Dünya ile artan temas, Türkçe’ yi ve Türk edebiyatını da güçlendirecektir. Yıkımın failleri dünyayı iyi bilenler değil, özellikle batıyı üstünkörü görüp “ben artık oldum” zehabına kapılan alaylılardı. Dünyaya yakından bakanlar batılıların dillerinin, edebiyatlarının, doğru yazıp konuşmanın üzerinde nasıl titrediklerini görecektir. Sonra dönüp bizim dilcilerimizden hesap soracaklar: Niye müdahale etmediniz? Niye geç kaldınız?

___________________________________

[1] Daha bir kaç ay önce, Kültür Bakanı, “gelen İranlı turistlere tercümanlık yapacak, bir tane Farsça bilen eleman bulamadık. Hâlbuki üniversitelerimizde 13 Fars Dili ve Edebiyatı Bölümü var.”, diyordu. Bu değerlendirme üzerinde üniversitelerimizin ciddî ciddî düşünmesi gerekir. Sadece Farsça için değil.

[2] Taha Akyol, benzer bir manzarayı, “Medine’den Lozan” a kitabında, medenî kanun için çizer. Avrupa, medenî kanunun değişmesi için baskı yapmaktadır. Fakat içerde oturup bu kanunu yazacak kadrolar eksiktir. (Akyol sadece zaman kısıtından söz ediyor ama zaman kısıtı kadro kısıtının bir sonucudur, aynı zamanda.) Baskının bertaraf edilmesi için İsviçre Medenî Kanunu, ufak değişikliklerle alınır.
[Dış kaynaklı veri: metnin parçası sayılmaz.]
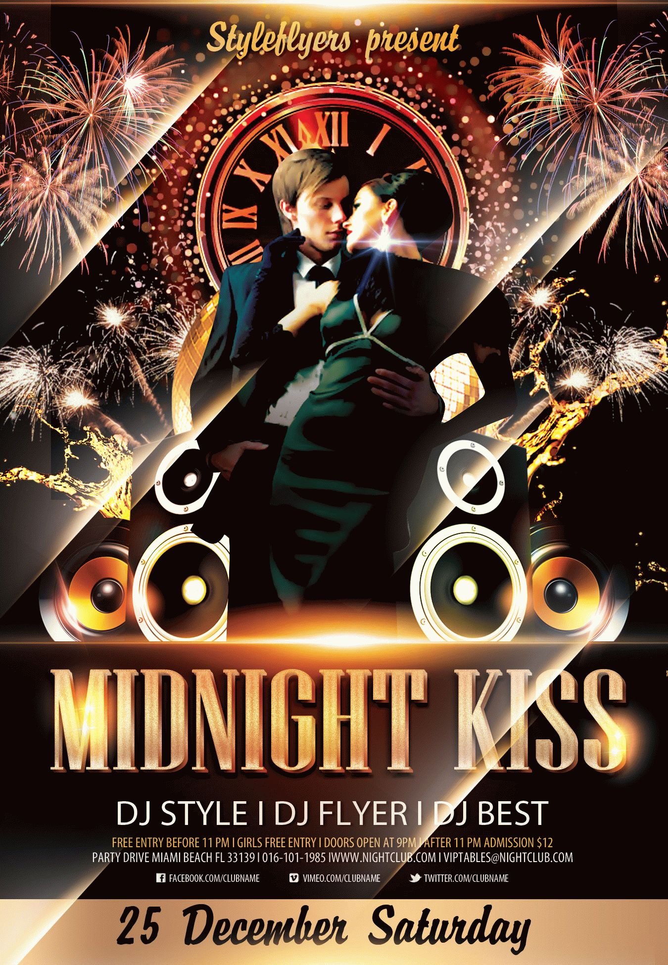 Midnight-kiss-party PSD Template Package – Professional PSD template. Fully layered, easy to customize, print-ready. Includes free fonts. StyleFlyers quality since 2013.

Yoksa karar mevkiindekiler, kendi kanunumuzu yazmanın tercih edileceğini gayet tabiîdir ki biliyordu.(Taha Akyol, “Medine’den Lozan’a”, Doğan Kitapçılık, 1998)

[3] Geoffrey Lewis, “The Turkish Language Reform: A Catastrophic Success”, Oxford Linguistics), 2002. Türkçesi, “Trajik Başarı Türk Dil Reformu”, Gelenen Yayınları, 2004. Çeviride “katastrofik ~ felaketli” kelimesi yerine “trajik” tercih edilmiş.

[4] Lewis, zabıtlara girmeyen bu konuşmayı, Nihad Sami Banarlı’nın 14 Mart 1973’te Meydan dergisinde çıkan ve daha sonra Tekin Erer’in “Türkiye’de Dil ve Yazı Hareketleri”ne (İkbal Kitabevi, İstanbul, 1973) iktibas ettiği yazısından almış.